=== Begin Enclosure ===

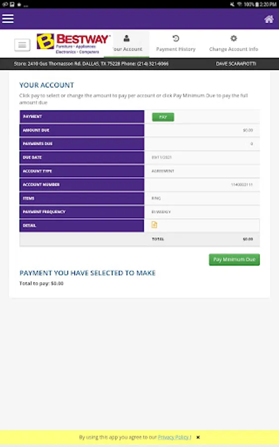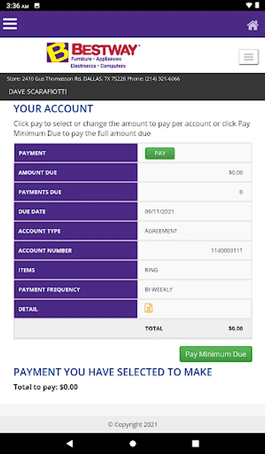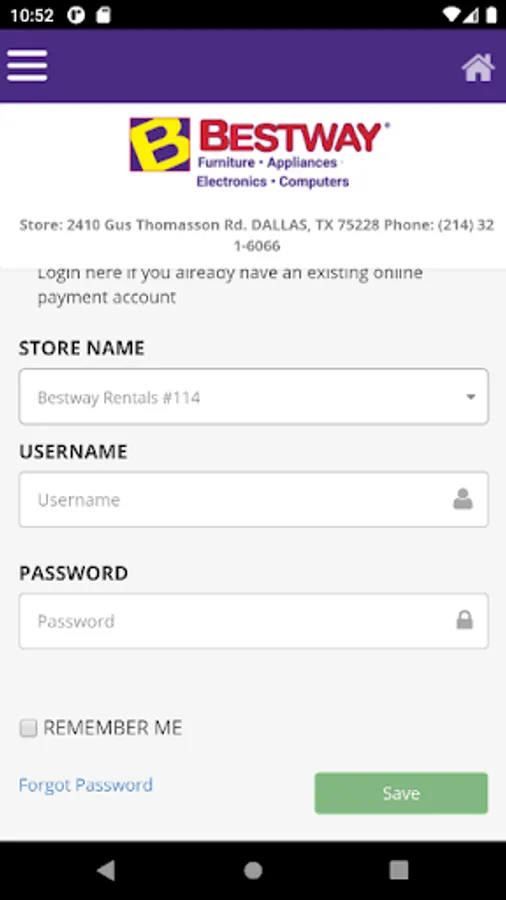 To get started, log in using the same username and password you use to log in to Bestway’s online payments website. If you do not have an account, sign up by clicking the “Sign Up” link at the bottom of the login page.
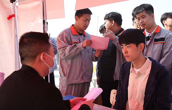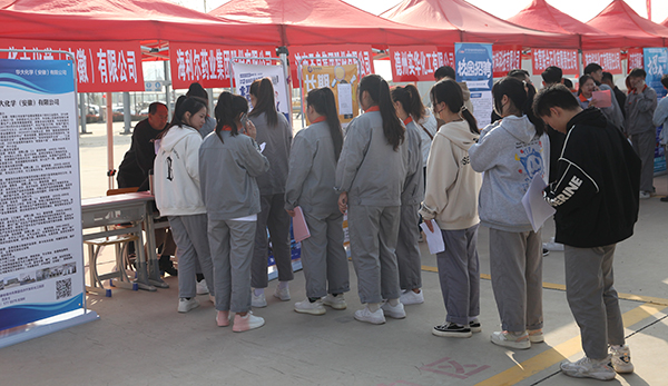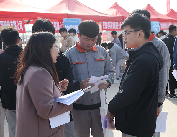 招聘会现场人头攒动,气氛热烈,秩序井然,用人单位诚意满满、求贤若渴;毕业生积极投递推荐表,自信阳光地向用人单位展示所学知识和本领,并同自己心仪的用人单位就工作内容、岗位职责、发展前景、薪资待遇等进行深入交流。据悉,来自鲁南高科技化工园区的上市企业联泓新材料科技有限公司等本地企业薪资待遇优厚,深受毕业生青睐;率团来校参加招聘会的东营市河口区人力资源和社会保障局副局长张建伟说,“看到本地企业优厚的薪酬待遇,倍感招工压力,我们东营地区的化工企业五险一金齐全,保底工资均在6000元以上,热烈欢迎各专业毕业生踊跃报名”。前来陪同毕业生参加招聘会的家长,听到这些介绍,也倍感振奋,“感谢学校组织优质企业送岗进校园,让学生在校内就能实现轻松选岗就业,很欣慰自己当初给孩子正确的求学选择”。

=== End Enclosure ===
=== Begin Enclosure ===

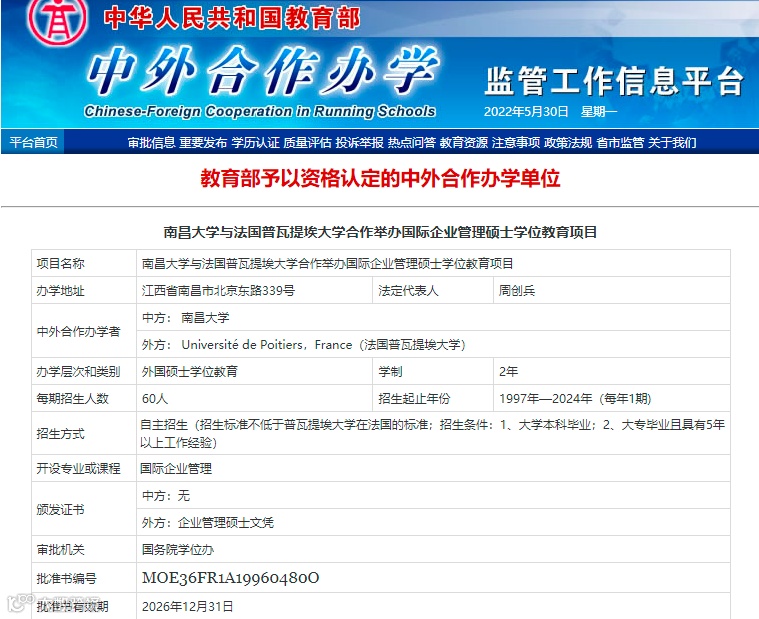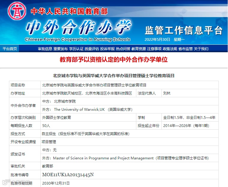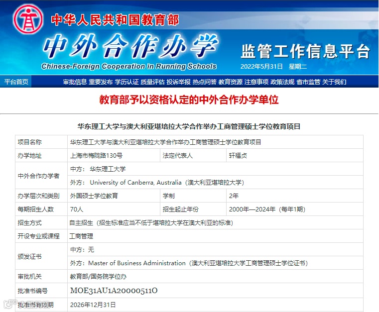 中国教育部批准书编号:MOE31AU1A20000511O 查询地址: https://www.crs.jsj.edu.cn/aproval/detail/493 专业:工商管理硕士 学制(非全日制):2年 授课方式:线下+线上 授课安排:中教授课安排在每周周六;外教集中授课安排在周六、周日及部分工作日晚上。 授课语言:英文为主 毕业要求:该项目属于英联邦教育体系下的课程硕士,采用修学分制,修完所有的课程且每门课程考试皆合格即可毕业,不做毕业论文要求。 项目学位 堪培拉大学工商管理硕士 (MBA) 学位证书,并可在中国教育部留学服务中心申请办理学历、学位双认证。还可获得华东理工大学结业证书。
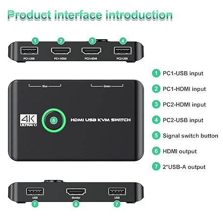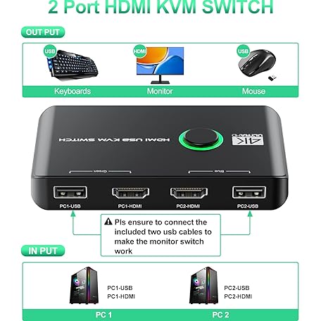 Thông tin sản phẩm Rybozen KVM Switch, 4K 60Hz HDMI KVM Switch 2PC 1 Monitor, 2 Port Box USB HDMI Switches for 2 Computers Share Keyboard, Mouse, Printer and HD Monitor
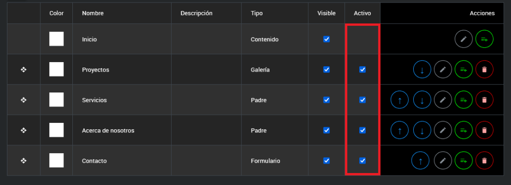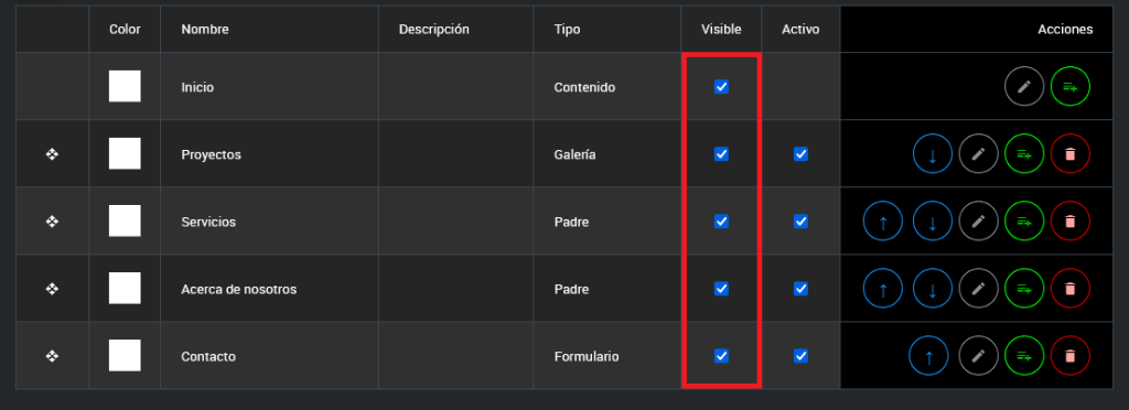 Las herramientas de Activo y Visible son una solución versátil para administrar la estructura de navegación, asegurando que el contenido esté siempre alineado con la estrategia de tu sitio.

=== End Enclosure ===

◆ **Exercise aim**:
Above are records; write out the lines from the one with "To get started, log" down to the one with "招聘会现场人头攒动,气氛热烈", exactly, leaving the pictures out.

◆ **The completed task**:
 To get started, log in using the same username and password you use to log in to Bestway’s online payments website. If you do not have an account, sign up by clicking the “Sign Up” link at the bottom of the login page.
 招聘会现场人头攒动,气氛热烈,秩序井然,用人单位诚意满满、求贤若渴;毕业生积极投递推荐表,自信阳光地向用人单位展示所学知识和本领,并同自己心仪的用人单位就工作内容、岗位职责、发展前景、薪资待遇等进行深入交流。据悉,来自鲁南高科技化工园区的上市企业联泓新材料科技有限公司等本地企业薪资待遇优厚,深受毕业生青睐;率团来校参加招聘会的东营市河口区人力资源和社会保障局副局长张建伟说,“看到本地企业优厚的薪酬待遇,倍感招工压力,我们东营地区的化工企业五险一金齐全,保底工资均在6000元以上,热烈欢迎各专业毕业生踊跃报名”。前来陪同毕业生参加招聘会的家长,听到这些介绍,也倍感振奋,“感谢学校组织优质企业送岗进校园,让学生在校内就能实现轻松选岗就业,很欣慰自己当初给孩子正确的求学选择”。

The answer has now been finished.